Breaching Confidentiality Of Informants
Confidentiality is key to police intelligence gathering, especially in our part of the world. The police are unable to gather critical intelligence tidbits sufficiently enough to prosecute their operations because many people do not have confidence that their identities would be kept secret.
Informants have come under fatal attacks because the police have not handled their confidentialities well.
Many Ghanaians would rather shut up when they have clearly seen a crime committed, the reason being that they would not want to be seen as sources of leakages.
The need therefore for us as a people to be supportive of the police cannot be overemphasized. Most criminals would find it difficult to operate if the people in the neighbourhoods in which they reside would be supportive of the police by reporting such suspected miscreants to them. Unfortunately, the 'mind your own business' mantra appears to have taken sway in our communities much to the detriment of efficient law enforcement in the country.

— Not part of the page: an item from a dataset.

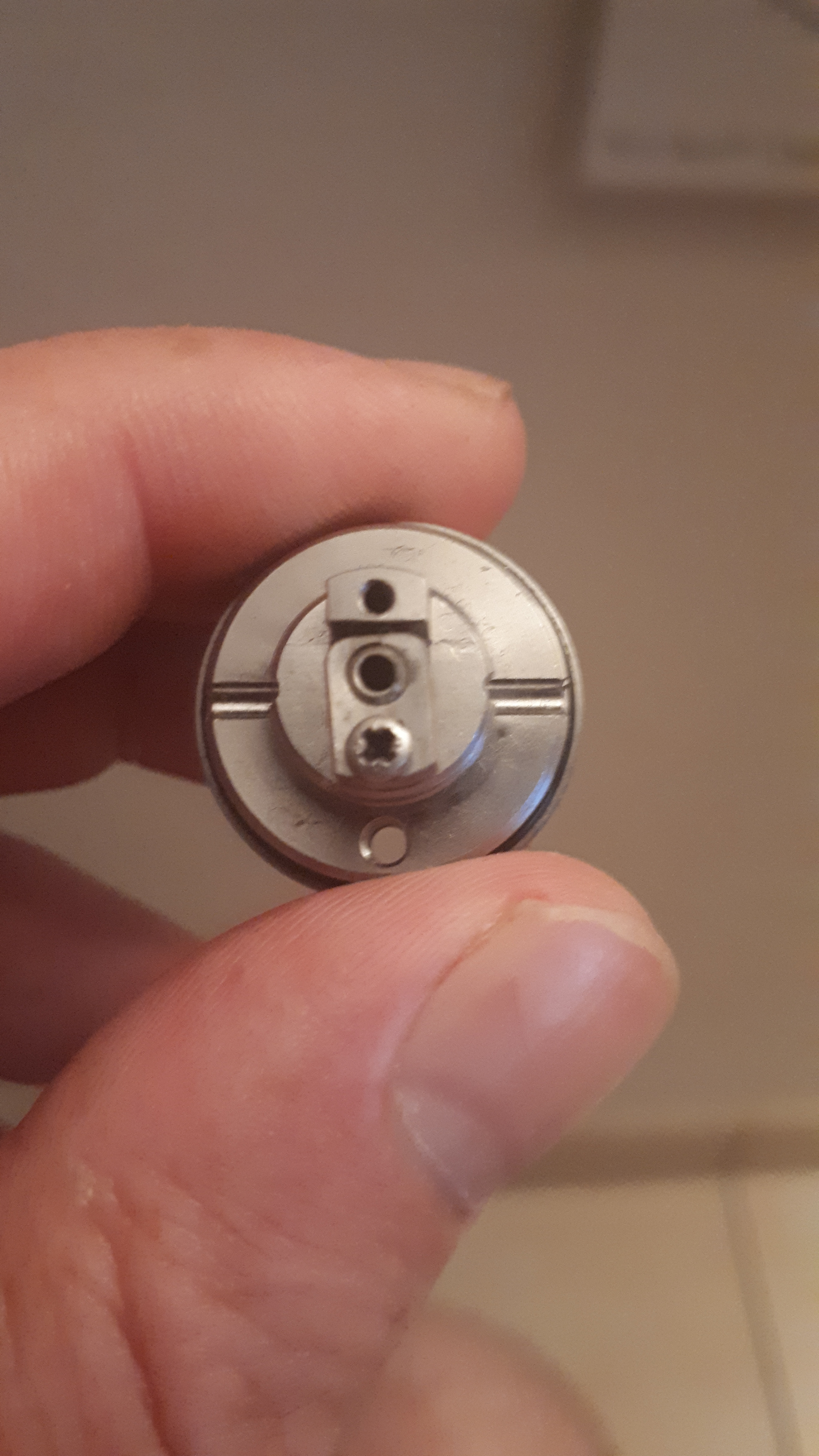 Habe von einem jede Menge Verdampfer bekommen, weil er nicht mehr Dampfen möchte. Hier und da sind keine Gläser mehr dabei oder zerbrochen. Von allen habe ich rausgefunden um was es sich handeln, nur bei einem stoße ich auf meine Grenzen. Habe das Deck mal fotograviert und die Unterseite des Decks. Es handelt sich um alle Verdampfer um Clone auch diesr hier nehme ich mal an. Bitte helft mir. Und ja ich weiß das oben wie unten Schrauben fehlen, aber das stellt kein Problem da.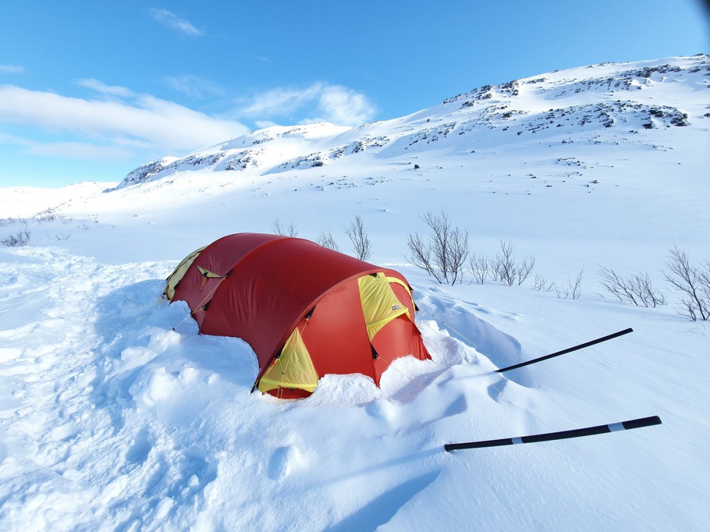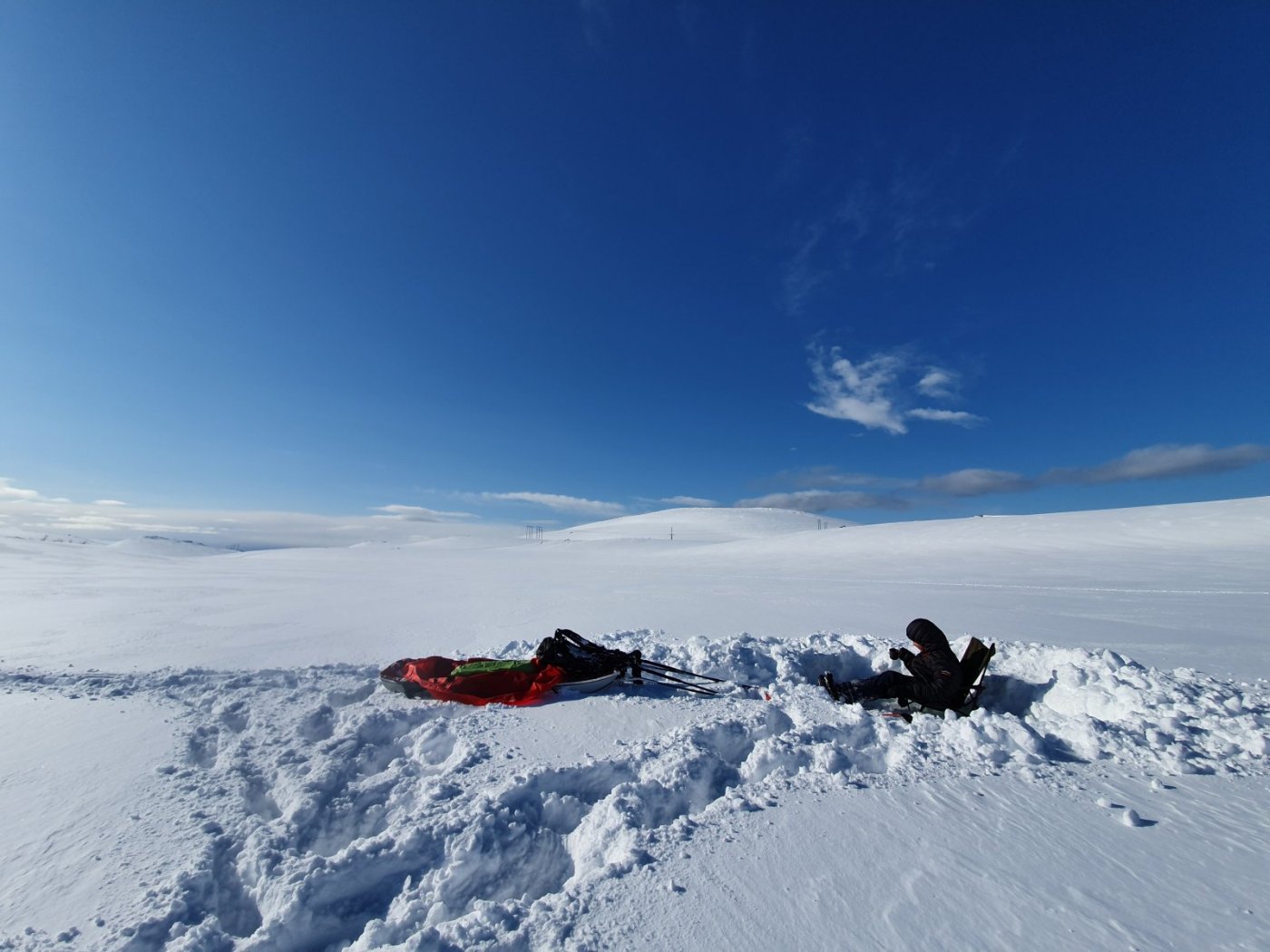 Forsøker en slags turrapport da det har vært litt lite av dem i det siste... Pga litt omstokking som følge av coronaregler osv så ble det en litt anderledes påske der det ble mindre tid med junioravdelingen for at ikke disse skulle reise for mye mellom forskjellige deler av familien og dermed utsette blant annet besteforeldre for potensiell smitte. Junior så dermed at det ville bli litt mindre ski og iskfiske i påsken og lurte på om det var mulig å få til en liten tur før påsken startet. Ettersom vi kan ta på skiene utenfor døra og gå på tur derfra ble det en ganske lokal overnattingstur, men en telttur er alltid bedre nne 2 dager i sofaen... Så da ble det å spenne på junior lillepulken og meg den noe større. Det var meldt skiftende med av og på med både snø og vind. Vi fikk forholdsvis mye av begge deler på vei innover, men fant likevel greit veien: 2020-04-04 17.36.57.mp4 Det ble litt brøyting i løssnø foran, men vi kom da etter hvert frem mot destianasjonen: 2020-04-04 17.56.17.mp4 Vel fremme er det ganske faste ritualer der vi begynner med å tråkke til en fin plass til teltet. Ved å la denne hvile noen minutter får vi gjerne et fast og fint underlag for teltet... 2020-04-04 18.01.29.mp4 Etter dette så er det å sette stormmattene skikkelig og dekke disse med snø. Junior har rutinene i orden: 2020-04-04 18.28.18.mp4 Til slutt graver vi en dugelig kuldegrop i forteltet. Når vi ikke skal ligge mer enn èn natt så pleier vi lage den ca "knedyp" slik at man kan sitte i innerteltet omtrens om man sitter på en stol med beina i kuldegropen. 2020-04-04 18.38.57.mp4 Vel på plass begynner det bli tid for litt mat. På såpass korte turer pleier junior å innvilge seg å ha med favorittstolen til tross for at den veier litt. Så lenge han trekker den selv så klager ikke faren heller 2020-04-04 19.49.47.mp4 Etter litt kortspill og radio så er det tid for å krype i soveposen. Til junior bruker jeg hans "sommerpose" nede i min tresesongspose og det fungerer meget bra så lenge temperaturen ikke ligger så langt på minussiden. Innen det var tid for frokost så hadde været snudd om til det penere. Det blåste litt til frokosten, men dette dempet seg raskt såpass mye at vi så frem til et par timer på isen også: 2020-04-05 10.01.41.mp4 Junior har for øvrig for lengst funnet ut at Paris-pulken fungerer utmerket som akebrett. Så når det blir for lenge mellom nappene så blir det gjerne muligheter for litt aking i bakken: 2020-04-05 14.28.30.mp4 Da det dukket opp flere og flere truende skyer i horisonten så ble det klart at nok et polart lavtrykk kom til å trekke inn fra havet så ble det litt hastepakking og dermed lite bilder fra hjemturen. Vi var heldigvis bare 2 minutter fra fremme da vind og snø igjen dekket det aller meste i en hvit grøt så vi kom oss trygt og greit hjem noen minner rikere,

In the aftermath of the gruesome murder of Major Maxwell Mahama Adam, we have observed a major breach of confidentiality by a police officer which we must expose and condemn so such anomalies would be curtailed.
Following the fleeing of Denkyira-Oboase in the Upper Denkyira segment of the Central Region by the residents, one of the suspected murderers of the army officer reportedly pitched camp in his girlfriend's abode at Dominase near Kasoa, in the same region.
The girlfriend whose effort led to the arrest of her boyfriend must have regretted her action. A police officer at the village perhaps out of excitement, has mentioned loudly how the suspect was arrested thereby exposing the woman.
The life of this lady is definitely in danger because the relations of the suspect would target her for causing his arrest; in fact, she could be killed.
The ripple effect of this is that many more would out of fear for their lives, withhold information necessary for investigations and law enforcement because they do not trust the police.
Under such circumstances therefore all of us, not the police only, are the losers. It is our take therefore that the police officer who caused the identity of the informant to hit the public domain should be sanctioned.
It would not be out of place to remind police officers, especially the fresh ones from the training schools, to appreciate the importance of keeping the identities of informants secret. Anything short of this would affect dismally the work of the police and we members of the public would be at the mercy of criminals. This we must guard against by all means possible.
The importance of informants cannot be overlooked in any given society, including ours.
It is the duty of all Ghanaians to cooperate with the police to fight crime but when such cooperation can lead to fatal consequences, then many would remain indifferent; and that should not be the case.